Mouse pad did not work any longer after suspending once.

Applied David Moore's patch above to "drivers/input/mouse/alps.c" 
(see (a href=https://bugzilla.redhat.com/bugzilla/show_bug.cgi?id=160733>bug
#160733 </a> )
only and now the mouse pad and stick work ok after resume. 
there was no need for me to add the serio patch as described by Henrik Nilsson.
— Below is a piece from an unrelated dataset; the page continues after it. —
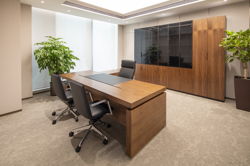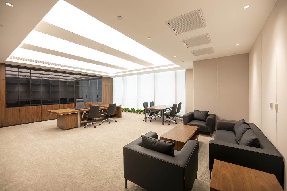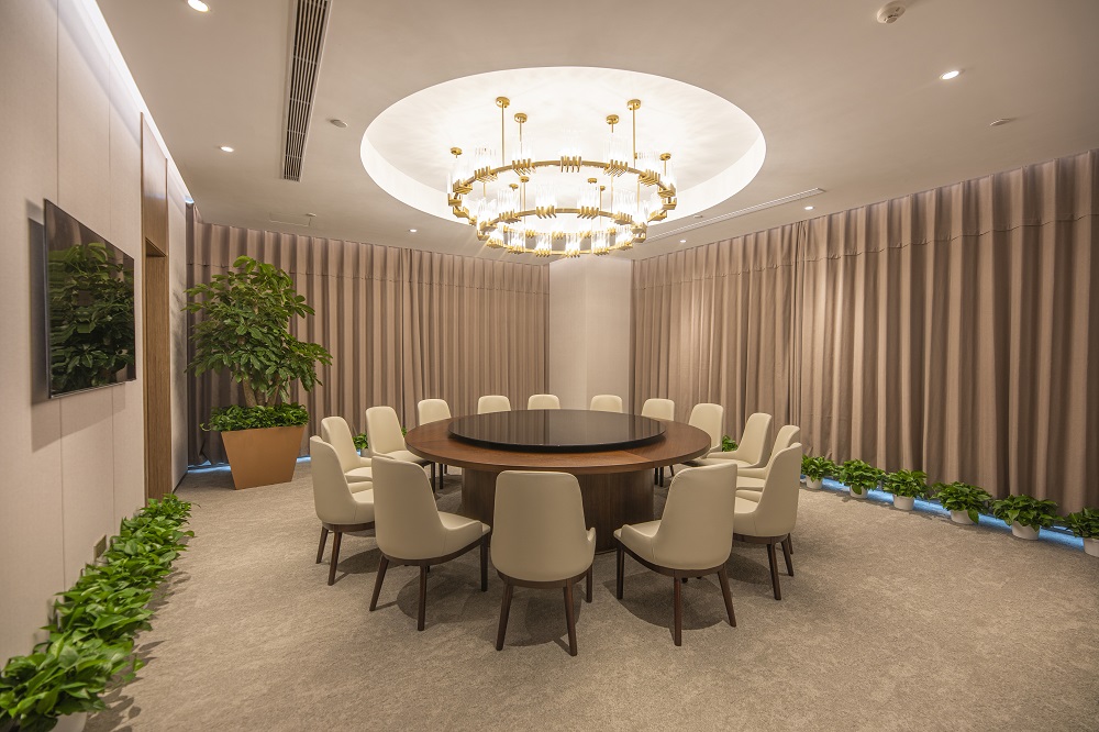 本次改造根據(jù)使用單位的需求,在維持建筑外立面和室外景觀的前提下,對(duì)原有建筑進(jìn)行了平面重新布局及裝飾裝修,并根據(jù)新的使用功能對(duì)機(jī)電系統(tǒng)進(jìn)行了調(diào)整。改造后的建筑滿足現(xiàn)行的建筑標(biāo)準(zhǔn)規(guī)范,并滿足使用方的現(xiàn)代辦公需求。以“一級(jí)央企、國(guó)內(nèi)一流、具有國(guó)際影響力”的大國(guó)企業(yè)總部形象服務(wù)全國(guó)并面向國(guó)際舞臺(tái),所以重點(diǎn)打造莊重、現(xiàn)代、統(tǒng)一、大氣、低調(diào)、品質(zhì)的空間特點(diǎn),使辦公空間代表大國(guó)形象、展示央企文化;延續(xù)傳統(tǒng)國(guó)企表現(xiàn)出的典型特征,提升內(nèi)部空間整體品質(zhì)。圍繞設(shè)計(jì)理念構(gòu)思方案,把握規(guī)劃布局的宏觀標(biāo)準(zhǔn),定位企業(yè)形象,提煉設(shè)計(jì)手法,營(yíng)造空間氛圍;對(duì)大廳、會(huì)議、報(bào)告廳、會(huì)客、餐廳、辦公等重點(diǎn)空間深化設(shè)計(jì)匹配一級(jí)央企的總部形象。
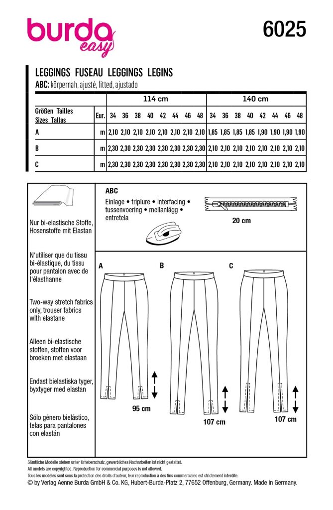 obchod@raj-sitia.skStrih Burda červený 6025 - legíny je súbor strihov na ušitie legín. Legíny má dnes v skrini každá žena. Nie je nad pohodlnosť legín a navyše sa legíny hodia na každú príležitosť. Strihy sú vytlačené na kvalitnom kriedovom papieri. Súbor obsahuje strihy na ušitie športových legín vo veľkostiach 34 - 48. Vďaka jednoduchému strihu, podľa ktorého zvládnu šiť aj začiatočníci, získate originálne oblečenie do Vášho šatníka.

Comment 7 Dan Scholnik 2005-08-30 20:53:56 UTC
Just updated to 2.6.12-1.1447_FC4, and now the touchpad/stick don't work at all
in gpm or X, even just after booting.

Comment 8 Dan Scholnik 2005-08-31 10:57:22 UTC
And to update my last comment, after suspending/resuming once, the touchpad and
stick do work.

Comment 9 Dave Jones 2005-09-30 06:51:26 UTC
Mass update to all FC4 bugs:

An update has been released (2.6.13-1.1526_FC4) which rebases to a new upstream
kernel (2.6.13.2). As there were ~3500 changes upstream between this and the
previous kernel, it's possible your bug has been fixed already.

Please retest with this update, and update this bug if necessary.

Thanks.


Comment 10 Dan Scholnik 2005-10-17 19:50:26 UTC
All is well with the stick and pad now, both before and after resume.